Attendees2 = pd.Series([7, 22, 6, 15, 12, 13, None, 16, 18, 17, None, 9, 15, 11, 19, 23])
print(Attendees2.info())
RangeIndex: 16 entries, 0 to 15
Series name: None
Non-Null Count Dtype
-------------- -----
14 non-null float64
### 16 values, 14 of which are non-null
print(Attendees2.isnull().sum())
2
### 2 null values
print(Attendees2.mean())
14.5
print(Attendees2.mean(skipna=False))
nan
Statistics of shape for interval/ratio data
Returning to the original Ren and Stimpy data set, we can obtain the skewness and kurtosis for Attendees with the skew and kurtosis functions in pandas.

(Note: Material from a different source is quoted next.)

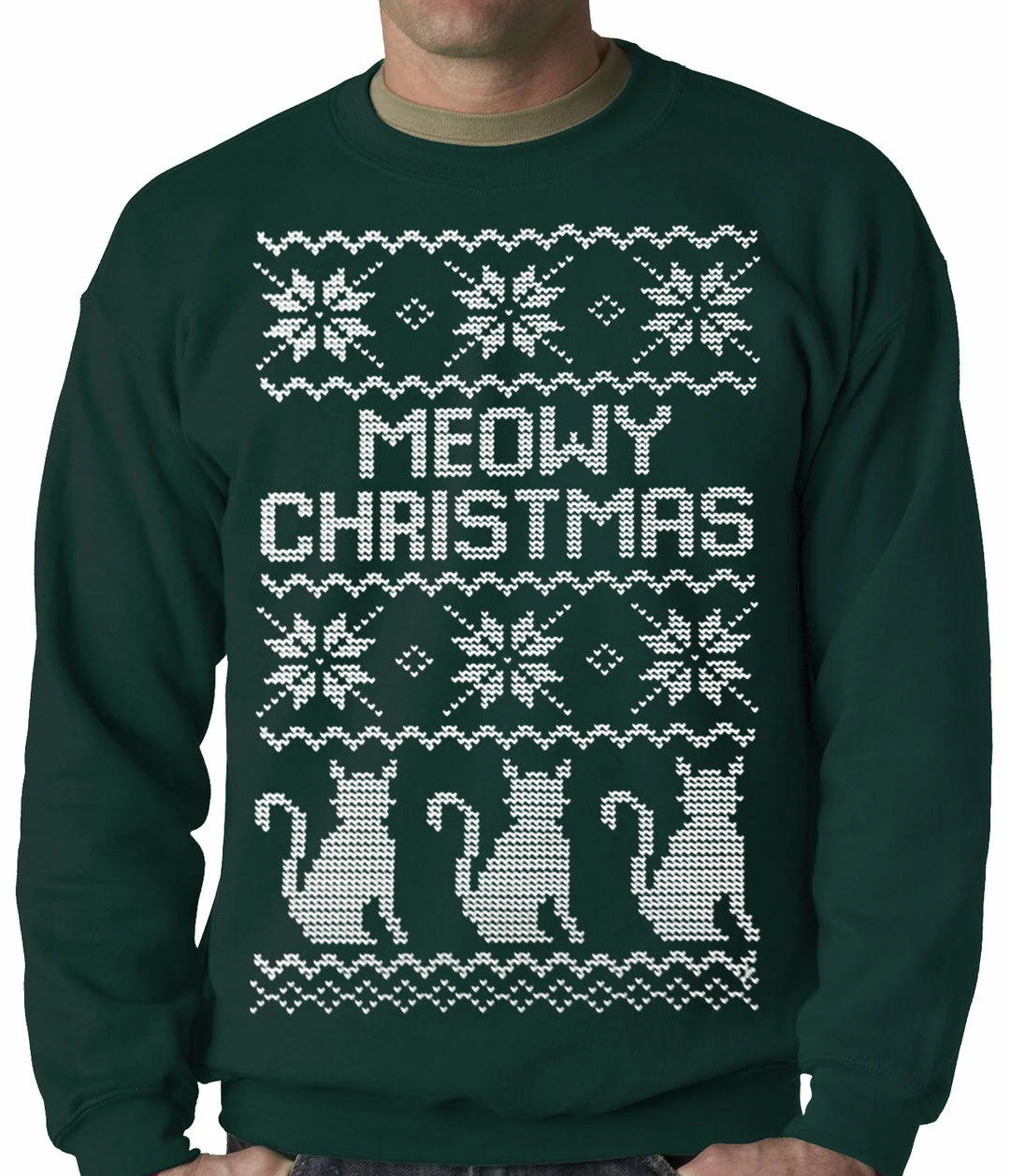 Bewild Holiday Prints Ugly Christmas Sweater – Meowy Christmas (White Print) 3 Cats Ugly Christmas Adult Crewneck

There are different methods to calculate skew and kurtosis, so different software may report different results by default. See the documentation for details. It appears that pandas calculates these statistics in the manner of type=2 in R with psych::describe.
print(Data['Attendees'].skew())
-0.0506986941557648
print(Data['Attendees'].kurtosis())
-0.32657277416461117
Descriptive statistics for ordinal data
To obtain descriptive statistics for ordinal data, the data can be examined as either numeric data or nominal data. In Python, the data could also be coded as ordered category data.
Example of descriptive statistics for ordinal data
For this example, Arthur and Baxter have each held a workshop educating the public about preventing water pollution at home. They are interested in the education level of people who attended the workshops. We can consider education level an ordinal variable. They also collected information on the gender and county of participants.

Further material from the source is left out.